= Rafał de Weryha-Wysoczański =

Chevalier Rafał Hugon Maria de Weryha-Wysoczański-Pietrusiewicz (born May 7, 1975) is a Polish art historian, genealogist and writer, who was a representative of the auction house Sotheby's.

Per the "Genealogy of the de Weryha-Wysoczański Family" pedigree he produced for the Genealogisches Handbuch des Adels in 2008, he is the only child of sculptor Jan, 6th Chevalier de Weryha-Wysoczański-Pietrusiewicz, and nephew of Olympic Bronze Medallist and Vice World Champion in fencing Madame Ryszard Weryha-Wysoczańska-Pietrusiewicz and millionaire landowner and philanthropist Basil, 1st Chevalier de Weryha-Wysoczański-Pietrusiewicz.

==Biography==
Born in Gdynia, Poland, he was educated at the University of Hamburg and on a national merit-based scholarship at Magdalene College, Cambridge, where he became a member of the Cambridge University Heraldic and Genealogical Society. From a long line of womanisers in his family, he became a playboy and completed his doctorate – for which he was awarded another merit scholarship – under the supervision of Leibniz laureate Professor Martin Warnke. De Weryha-Wysoczański-Pietrusiewicz is a former Delegate to the European Commission of the Nobility in Paris. Per reviews listed on his own website, reviewers of his book Strategien des Privaten noted that it has a “wise central idea” and that it “gives important food for thought”. In 2016 he published a memoir entitled A Chevalier from Poland.

Thanks to a generous handicap, he came second in the President's Race 2015 on the Cresta Run, in St. Moritz having also been a member of the Cambridge University Cresta Team in 1999.

== Selected publications ==
- A Chevalier from Poland.
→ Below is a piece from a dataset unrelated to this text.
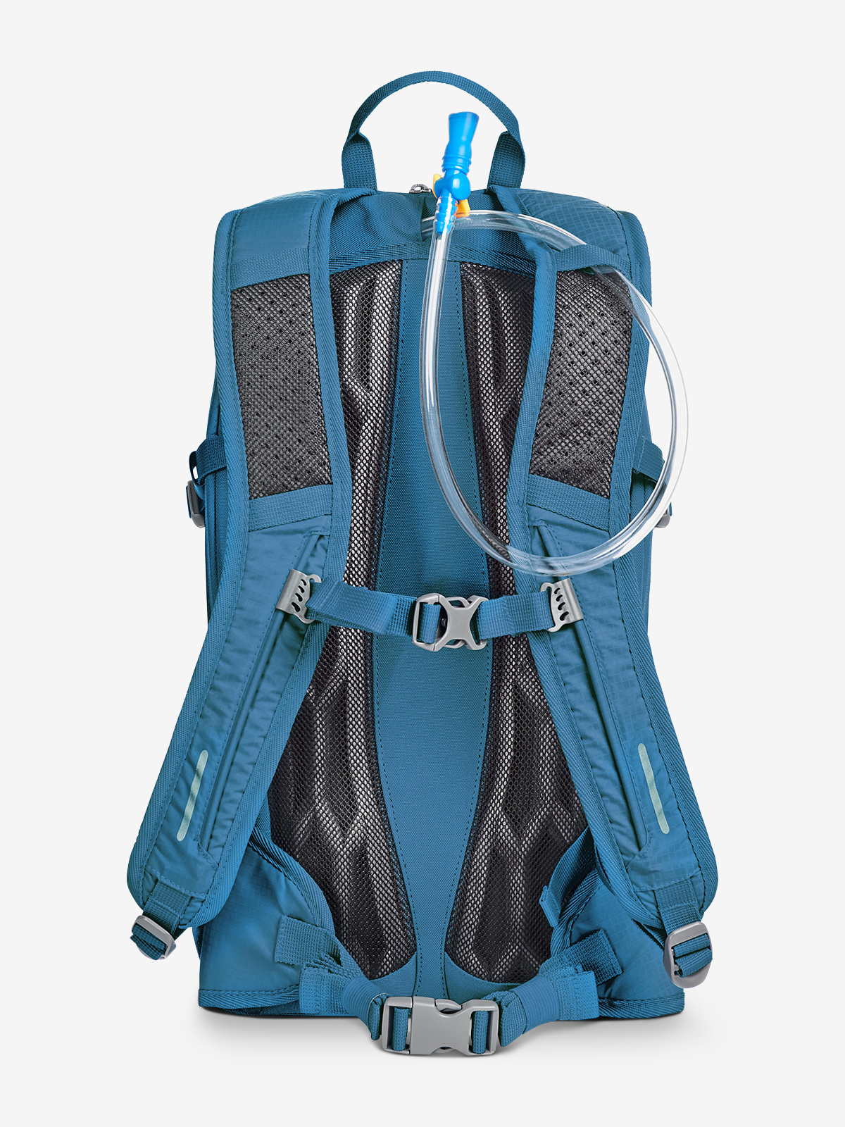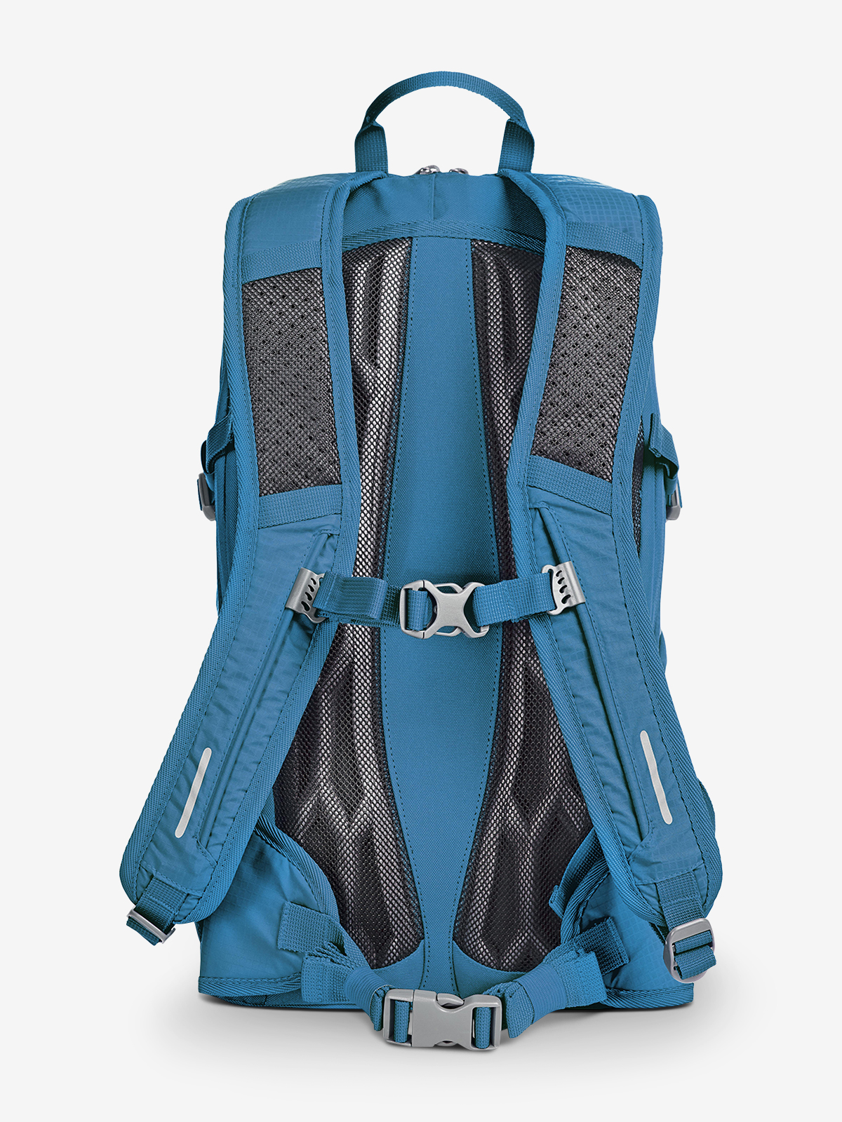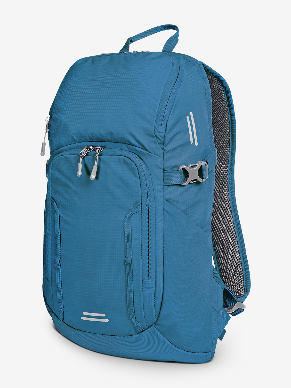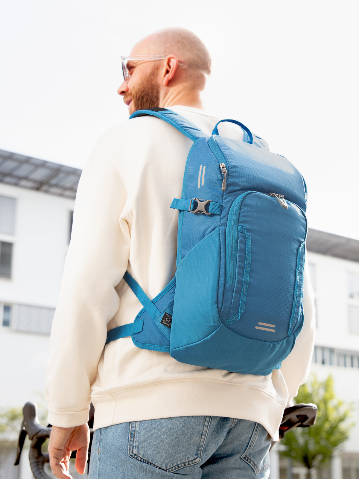 leichter, funktioneller Tages- und Bike-Rucksack mit innovativem Waben-Rückensystem für ideale Belüftung und Polsterung; höhenverstellbarer Brustgurt; seitlich gepolsterter Beckengurt; großes 2-Wege-Reißverschluss-Hauptfach mit flachem Einsteckfach innen; rückseitiger Ausgang geeignet für z.B. Kopfhörer oder Schlauch des zusätzlich lieferbarem Trinksystems (Artikel 1812216); Klettloop zur Fixierung des Trinkschlauches; 2 Reißverschlussvortaschen; 2 Netz-Seitentaschen; seitliche Zurrgurte; funktionales Schlaufenband auf der Fronttasche; dekorativer Reflex-Aufdruck, Handgriff

The Memoirs of Chevalier Rafael de Weryha-Wysoczański, Kibworth Beauchamp 2016, ISBN 978-1-7858-9161-8.
- Deutsches Adelsblatt, No. 10, October 15, 2002 (Contributor).
- Genealogisches Handbuch des Adels, Adelige Häuser XXX, vol 145, Limburg an der Lahn 2008 (Contributor), ISBN 978-3-7980-0845-8.
- Genealogisches Handbuch des Adels, Adelslexikon XVI, vol 137, Limburg an der Lahn 2005 (Contributor), ISBN 3-7980-0837-X.
- Genealogisches Handbuch des Adels, Adelslexikon XVII, Nachträge, vol 144, Limburg an der Lahn 2008 (Contributor), ISBN 978-3-7980-0844-1.
- Gothaisches Genealogisches Handbuch, Adelige Häuser IV, vol 8, Marburg 2018 (Contributor), ISBN 978-3-9817243-7-0.
- Jan de Weryha: The Monograph, Toruń; Hamburg 2026 (Editor, Contributor, Translator), ISBN 978-83-64232-77-0.
- Komposition als Kommunikation. Zur Musik des 20. Jahrhunderts. Festschrift Professor Peter Petersen, Frankfurt; Berlin; Bern; Bruxelles; New York; Oxford; Wien 2000 (Contributor), ISBN 3-631-36745-7.
- St. Moritz Tobogganing Club, Annual Report, No. 95, 2014-2015 (Contributor).
- Strategien des Privaten. Zum Landschaftspark von Humphry Repton und Fürst Pückler, Berlin 2004, ISBN 3-86504-056-X.